James Comey again cast his 2016 handling of Hillary Clinton’s email investigation as an act of investigative duty, not a political break point, pushing back on the claim that his decisions helped politicize the Justice Department.
The former FBI director said he disagreed with criticism that his actions began the shift. That defense lands against a record that still divides Washington: on July 5, 2016, Comey announced the FBI would not recommend charges against Clinton, but said she and her staff had been “extremely careless” in handling classified information. He also said FBI investigators had reviewed about 30,000 emails Clinton had provided to the State Department.

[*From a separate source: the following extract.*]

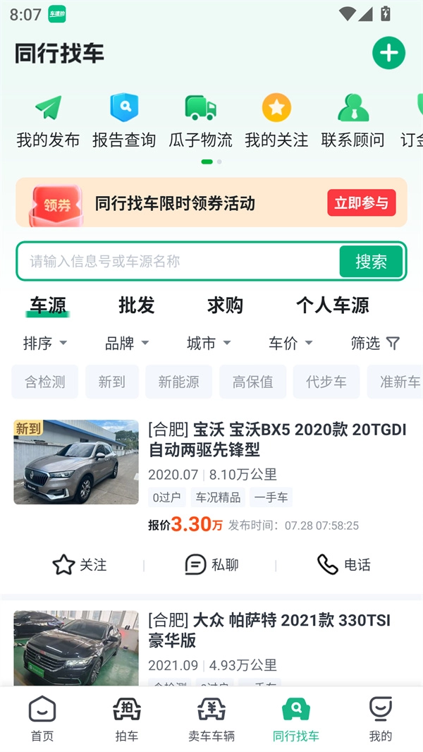 3、于“拍车”界面,既能查看平台每日新上架的车辆,还能挑选竞拍自己心仪的车。

The case became even more combustible near the end of the campaign. On Oct. 28, 2016, less than two weeks before Election Day, Comey told Congress the FBI was reviewing newly discovered emails that might be relevant to the Clinton inquiry. Eight days later, on Nov. 6, he said that review did not change the bureau’s earlier conclusion not to recommend charges. Clinton’s email controversy had already become one of the defining issues of the 2016 presidential race, and Comey’s public notices hardened the argument that the FBI had stepped directly into electoral politics.

That dispute did not end with the election. Comey was later fired by President Donald Trump in May 2017, and the Justice Department’s inspector general later examined both his July 5 announcement and his Oct. 28 and Nov. 6 letters as part of a broader review of FBI and DOJ conduct during the campaign. The inspector general found that some FBI employees exchanged text and instant messages showing hostility toward Trump and support for Clinton, adding a layer of internal bias to the public fight over neutrality.
For Clinton’s supporters and many Democrats, the Oct. 28 letter was a decisive intervention that came at the worst possible moment. For Comey, the episode remains a defense of prosecutorial restraint, with the bureau acting on evidence rather than partisan pressure. But the larger question has outlasted the 2016 race: whether the FBI’s choices helped weaken trust in federal law enforcement and set a precedent for later claims that justice itself had become political.